Claire was sitting on a separate quilt, but she was close enough to be able to look down at him. This was a secret she knew about
him
, she realized. She knew what he looked like under her. “What makes you think I want to hear a story?”

“It’s either that or talk to me. I’m guessing you would rather hear the story.”

“Tyler, it’s just that—”

“Here’s the story. When I was a teenager, going to the local pool was a big deal, particularly to the kids in the colony, because we were a good ten miles from town and pretty secluded. There was a girl I knew from school named Gina Paretti. When she developed, the boys were never the same. She would pass us in the hallways and literally take our words. We couldn’t talk for days. Gina spent every day at the pool in the summer, so when I was sixteen I went every day I could, just to stare at her in her bikini. It was toward the end of the summer when I decided to go for it. I couldn’t take it anymore. I’d fantasized about her for months. I couldn’t eat. I couldn’t sleep. I had to talk to her. I jumped into the pool and did some laps in front of her, manly stuff, before I got out and walked over to her. So there I was, standing in front of her, deliberately blocking out the sun and dripping on her, because I was still young enough to think that annoying a girl was a legitimate way of telling her I liked her. She finally opened her eyes and looked up at me…
and screamed
. It seems my shorts had fallen waaaaay past my hips when I had pulled myself out of the water. So I was standing there, flashing her. I was almost arrested.”

Claire wasn’t expecting that, and she laughed. It felt good to laugh—strange, but good. “That must have been horrible.”

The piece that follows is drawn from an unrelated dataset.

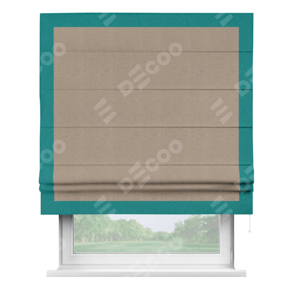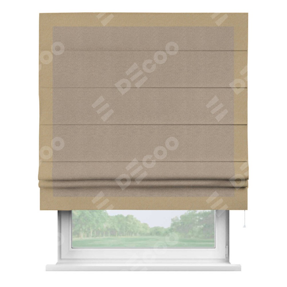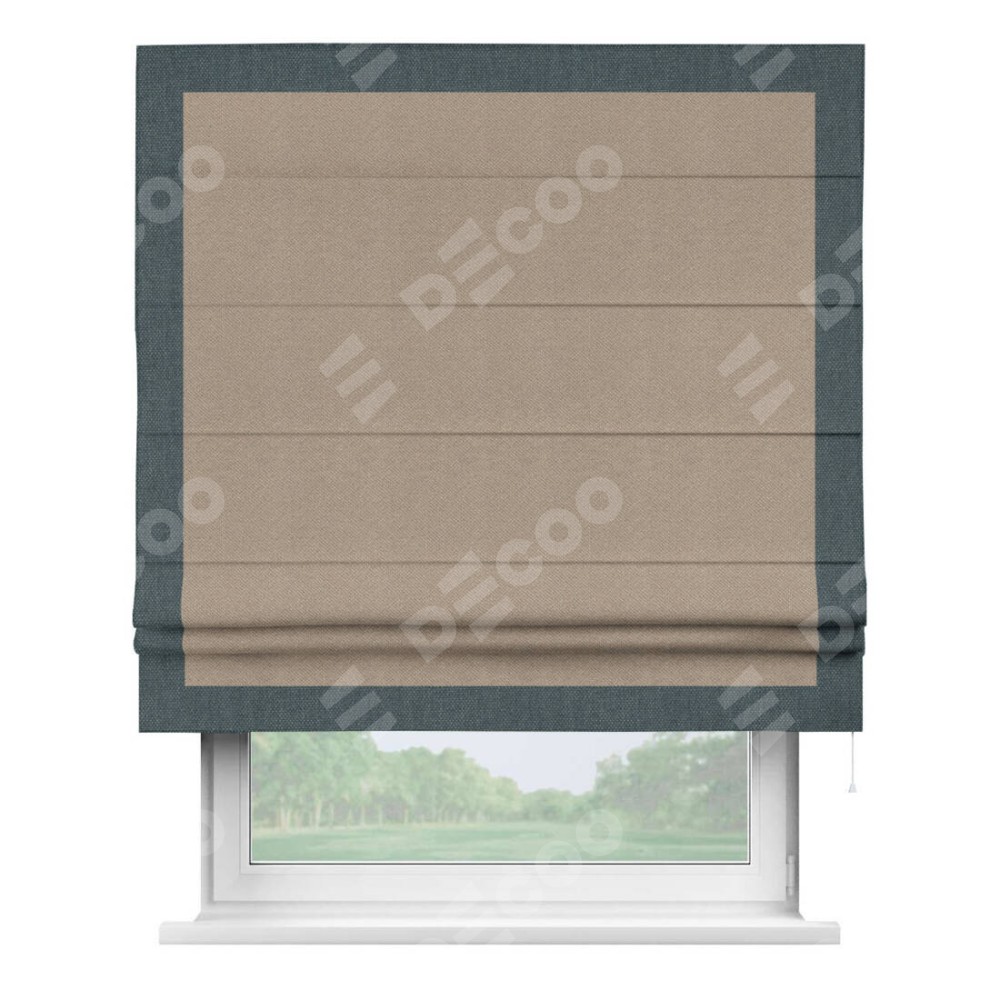 Римская штора производителя «Cortin», используется для проёма, пошита из ткани лён димаут светло-бежевый, артикул 00002. Отделка шторы кантом «Чесс», ткань для канта используется из льна димаут разной расцветки на выбор. Имеет универсальный механизм и подходит для монтажа: на потолок, на стену и в нишу.

“Not really. Three days later, she asked me out. Come to think of it, after that I received a lot of attention from girls who had been at the pool that day,” he said, preening.

“Is that true?”

He winked at her. “Does it matter?”

She laughed again. “Thank you for that.”

“My humiliations are yours for the asking.”

“Humiliating or not, it was a normal thing. You were a normal teenager. You spent your summers at a pool. You’ve probably even been to a lovers’ lane. You and Sydney would have gotten along.”

“You weren’t a normal teenager?”

“No,” she said simply, and it couldn’t have come as a surprise to him. “Henry was the same way. We were the kids who embraced our legacies young.”

Tyler sat up on his elbows, his eyes going to the edge of the water where Henry and Sydney were watching Bay. Someone on the beach called to Sydney. Sydney said something to Henry and he nodded, then she walked to a nearby gathering of women to talk. “Do you mind your sister dating him?”

“She’s not dating him. But why would I mind?” She said this almost defensively, not wanting him to know how much she was still struggling with Sydney spending so much time with Henry. That night in the garden was weakness. She was stronger than that.

“I guess I just don’t want you to be disappointed. It’s a difficult position, being interested in someone not interested in you.”

“Oh,” Claire said, realizing she’d misunderstood what he meant. “I’m not interested in Henry.”